Use foreshadowing to enrich your story
Sometimes as a writer you need to provide clues in a story. Mysteries, for example, center on solving a crime, such as a murder. Other genres typically involve some problem that must be addressed, and to that end usually the character must tease out the problem to understand it. Such clues can be provided by the use of foreshadowing.
Foreshadowing is a hint of something to come. For example, you might note that a character who later meets an untimely end has a “grave expression” on their face.
Foreshadowing can ensure that readers won’t be disappointed when the mystery of the novel is finally revealed. The reader will remember the hint, which then makes the solution to or explanation of the mystery more plausible. Foreshadowing also can be used to provide a symbolic richness to the story. For example, John Steinbeck in “Of Mice and Men” has the character Lennie accidentally kill a mouse, a puppy, and then a woman. This hints at his own death.
This literary device can appear in a number of ways – a single word, actions by a character, the use of symbols, and so on.

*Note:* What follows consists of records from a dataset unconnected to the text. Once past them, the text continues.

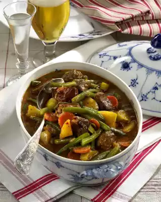 Heat the oil in a frying pan. Sauté the meat in it in portions. Season with salt and pepper. Fry the onions and soup vegetables briefly in the frying fat, add the tomato paste and sweat briefly. Add meat again, deglaze with approx. 1 litre of water and braise for approx. 1 hour.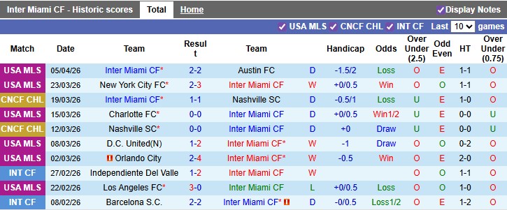 Chẵn bàn thắng: 7/10 trận so tài trước đây giữa 2 đội có tổng bàn thắng chia hết cho 2. Chưa hết, 6/10 trận vừa qua của Inter Miami cũng chứng kiến điều tương tự.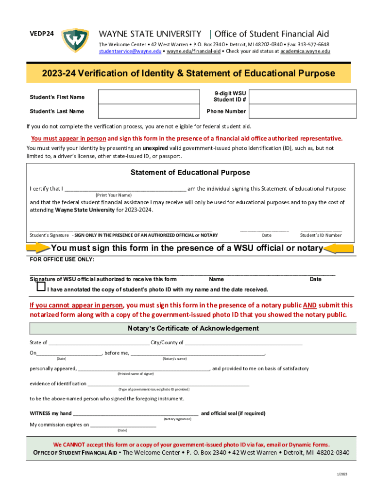 Get the free 2023-24 Verification of Identity & Statement of Educational Purpose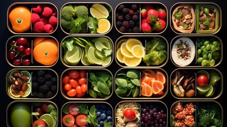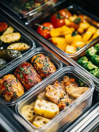 Colorful variety of healthy meal prep boxes with roasted vegetables and grains.
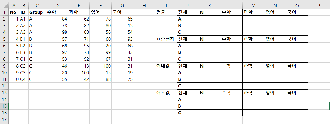 이번에는 평균, 표준편차, 최댓값, 최솟값을 한 번에 구하는 법을 소개하려고 합니다. 이것은 일반적으로 "AVERAGE", "STDEV.P", "MAX", "MIN"을 쓰면 된다고 생각하실 수 있는데, 해당 함수를 막상 쓰기에 어려울 때가 있습니다. 그리고 한 번에 구하기가 어려울 때가 있습니다. 그룹별로 포함된 수가 다르고 많은 경우 평균, 표준편차, 최댓값, 최솟값 등을 한 번에 구한다는 것은 쉽지 않습니다. 예를 들어 아래와 같은 상황입니다.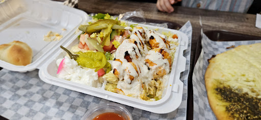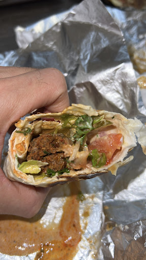 The three of us each consumed a kebab wrapped in a cheese manakish, which is kind of like a cheese pizza, but with a soft crust similar to a thick Greek pita. They bake their own pita fresh to order, topped with 5 types of exotic Lebanese cheeses. Then they place a mouthwatering, perfectly-seasoned chicken, beef or lamb kebab in the middle, and pile it up with your choice of homemade toppings.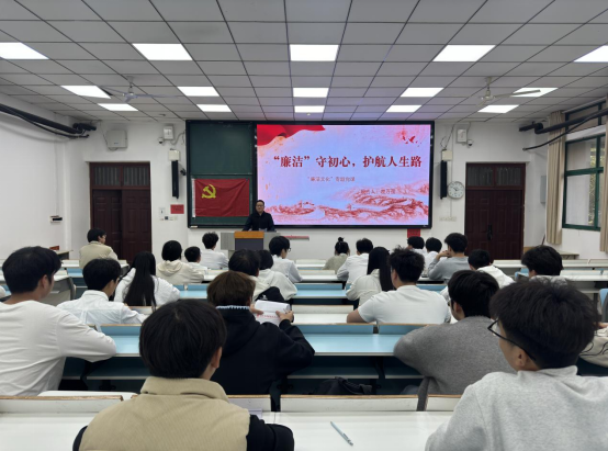11月11日下午,学生国际教育支部在JX6101教室开展“廉洁守初心,护航人生路”专题党课,此次党课由院党总支书记楚万强讲授。

However used, it typically is quite subtle so as not to draw attention to itself.
The opposite of foreshadowing is the red herring, which is a hint meant to mislead readers. This frequently appears in mystery novels as figuring out who committed the crime is part of the fun of reading the novel. Closely related to foreshadowing is the flash forward, aka prolepsis, which occurs when the narrative actually jumps out of the timeline to the future.